Built for developers, data scientists, and privacy researchers, VeriSynth transforms real datasets into **statistically faithful** synthetic versions, complete with **cryptographic proof receipts** that anyone can verify independently.

***

## Why VeriSynth?

Synthetic data isn’t new — but **trust** is.

Most synthetic data tools are black boxes. You’re told to “trust” that the data is private and realistic, but there’s no way to verify it.

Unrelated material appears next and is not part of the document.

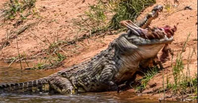 克魯格國家公園,薩比河:怪物尼羅河鱷魚黑斑羚狩獵,全場景
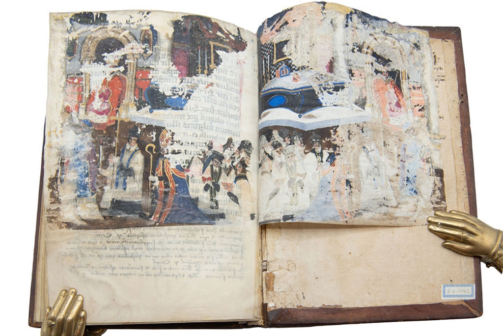 However, what is far less common is that the final vellum endleaf here, immediately following the end of the text, was used, most probably in the first half of the sixteenth-century, for a large miniature of the Mass. In this a bishop, crowned and holding a crosier, in the middle foreground, is flanked by choristers who sing, as well as a priest who carries a gold cross while a boy carries a candle. Above them a crowned emperor is seated, looking directly out at the viewer and holding a long golden sceptre, his throne placed next to a richly decorated altar. Unfortunately, the leaf that this richly painted image was painted on seems to have suffered from damp interacting with the paint and adhered to blank space of the last leaf of the main codex, obscuring it and resulting in the image’s survival in parts both on the leaf on which it was painted and as offset on the facing leaf. The presence of a king here is startling, and it is to be wondered if this miniature represents an actual event, at which the painter (and this volume) were present. If the identification of the original home of this book as the Sebalduskirche in Nuremberg can be upheld, it is worth noting that institution was particularly close to the court of Emperor Maximilian I (reigned 1508-1519), and the provost of the Sebalduskirche, Melchior Pfinzing, acted as imperial secretary to Maximilian. This may well be a painting, from life, of an actual event attended by Emperor Maximilian I.

VeriSynth changes that.

✅ **Verifiable** — Each run produces a tamper-evident `proof.json` receipt with dataset hashes, model parameters, and metrics.\
✅ **Transparent** — Built entirely in open source under the MIT license.\
✅ **Reproducible** — Deterministic seeds make every result traceable and reproducible.\
✅ **Private by design** — No real records are ever copied, reused, or identifiable.

***

## How It Works (High Level)

VeriSynth learns the **statistical relationships** within your dataset — not the identities.

Example:

> If real data shows that *older individuals with high BMI are more likely to have elevated blood pressure*, VeriSynth preserves those patterns without retaining any real patient data.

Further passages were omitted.